| Data supplied |
= Beginning of Section =

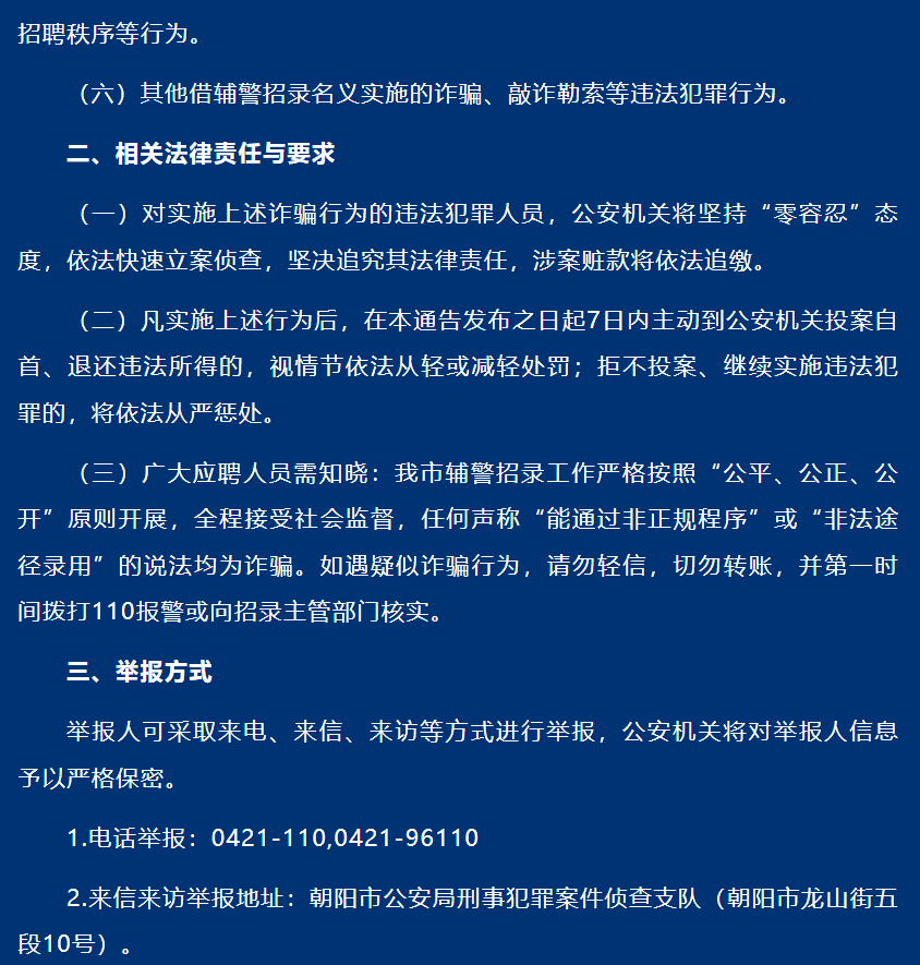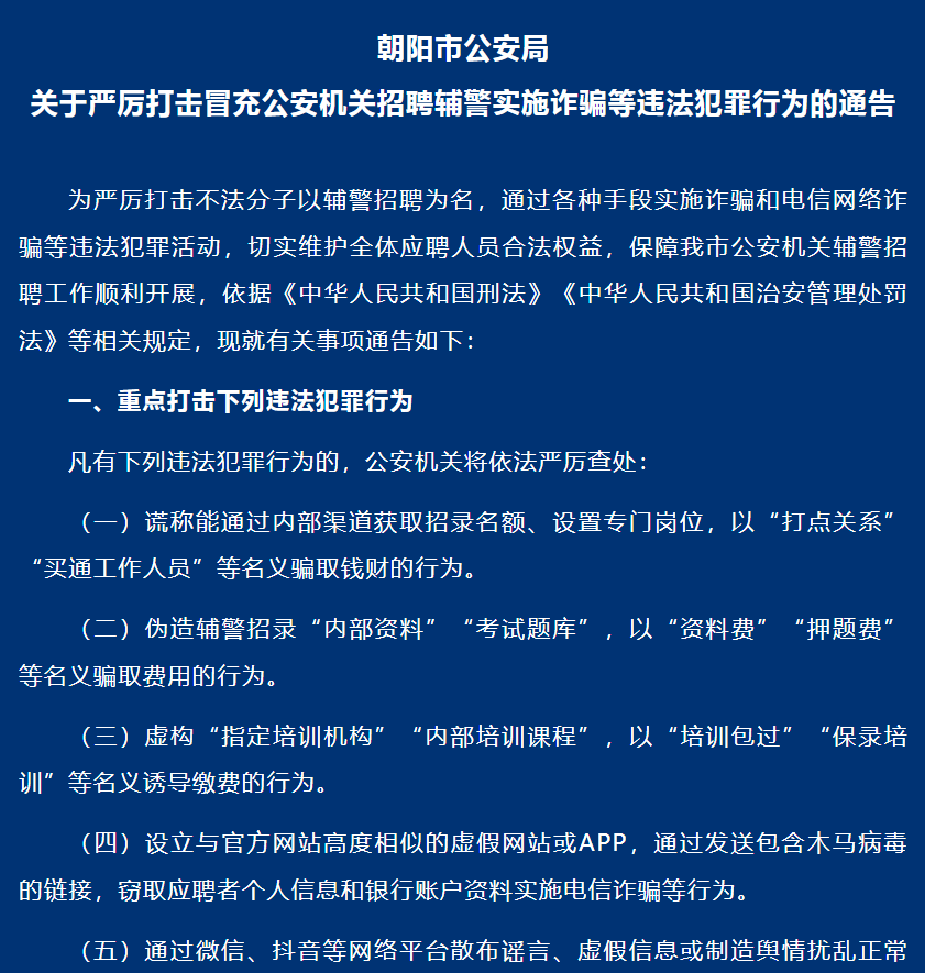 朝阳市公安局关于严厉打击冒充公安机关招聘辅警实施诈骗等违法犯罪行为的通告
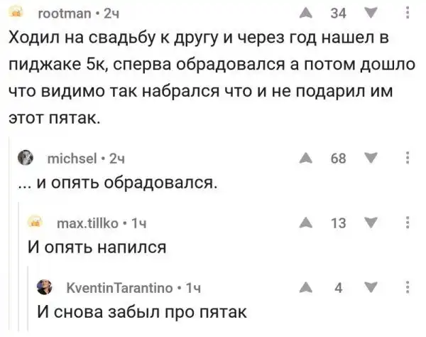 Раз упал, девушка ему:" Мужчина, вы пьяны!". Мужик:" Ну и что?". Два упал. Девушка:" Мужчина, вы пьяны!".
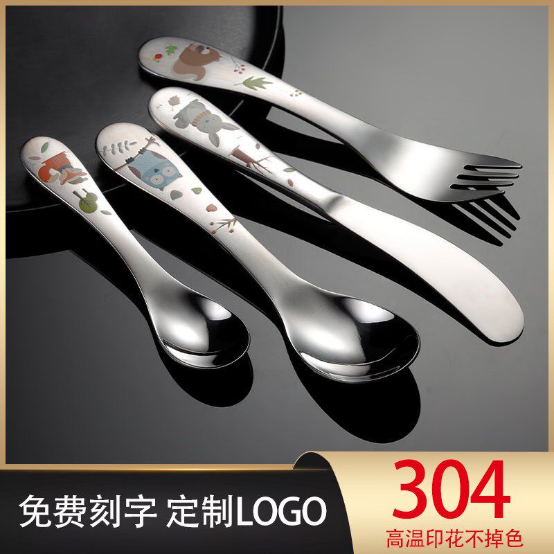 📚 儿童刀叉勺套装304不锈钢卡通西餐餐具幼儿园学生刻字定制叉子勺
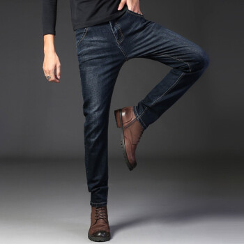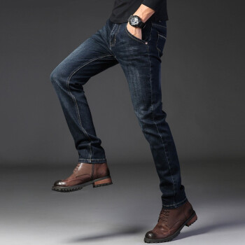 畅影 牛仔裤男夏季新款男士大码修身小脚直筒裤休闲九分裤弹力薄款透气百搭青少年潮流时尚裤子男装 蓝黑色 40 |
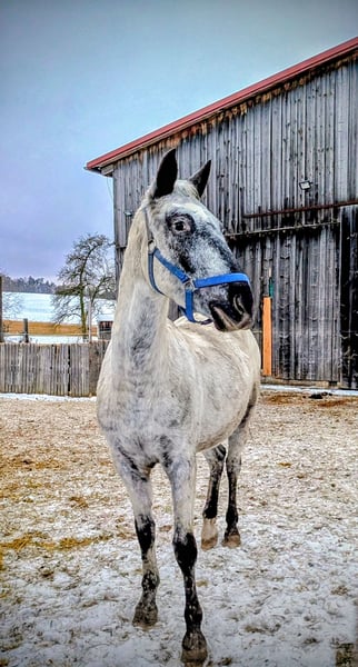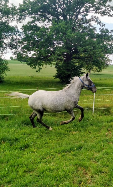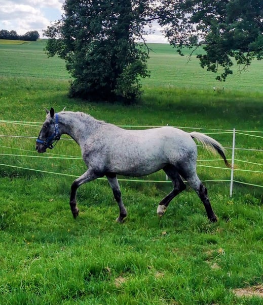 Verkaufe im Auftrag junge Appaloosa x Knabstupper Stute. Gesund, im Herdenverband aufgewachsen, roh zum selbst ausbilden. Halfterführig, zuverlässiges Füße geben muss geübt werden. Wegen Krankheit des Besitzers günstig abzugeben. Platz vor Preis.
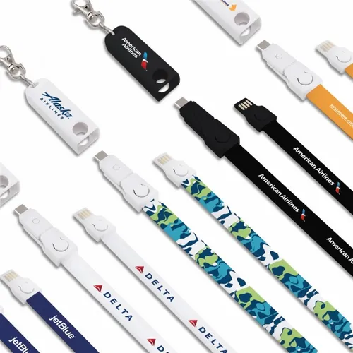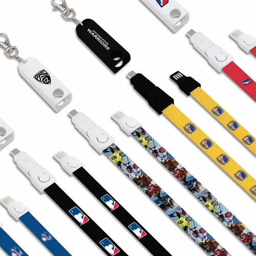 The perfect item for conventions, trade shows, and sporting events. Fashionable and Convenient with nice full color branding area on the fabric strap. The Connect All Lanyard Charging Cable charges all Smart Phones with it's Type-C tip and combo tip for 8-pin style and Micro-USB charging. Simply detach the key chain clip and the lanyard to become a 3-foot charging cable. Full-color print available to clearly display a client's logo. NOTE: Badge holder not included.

= End of Section =

| What to produce |
Would you return the records exactly as written, minus any image?

| Output for this exercise |
 朝阳市公安局关于严厉打击冒充公安机关招聘辅警实施诈骗等违法犯罪行为的通告
 Раз упал, девушка ему:" Мужчина, вы пьяны!". Мужик:" Ну и что?". Два упал. Девушка:" Мужчина, вы пьяны!".
 📚 儿童刀叉勺套装304不锈钢卡通西餐餐具幼儿园学生刻字定制叉子勺
 畅影 牛仔裤男夏季新款男士大码修身小脚直筒裤休闲九分裤弹力薄款透气百搭青少年潮流时尚裤子男装 蓝黑色 40 |
 Verkaufe im Auftrag junge Appaloosa x Knabstupper Stute. Gesund, im Herdenverband aufgewachsen, roh zum selbst ausbilden. Halfterführig, zuverlässiges Füße geben muss geübt werden. Wegen Krankheit des Besitzers günstig abzugeben. Platz vor Preis.
 The perfect item for conventions, trade shows, and sporting events. Fashionable and Convenient with nice full color branding area on the fabric strap. The Connect All Lanyard Charging Cable charges all Smart Phones with it's Type-C tip and combo tip for 8-pin style and Micro-USB charging. Simply detach the key chain clip and the lanyard to become a 3-foot charging cable. Full-color print available to clearly display a client's logo. NOTE: Badge holder not included.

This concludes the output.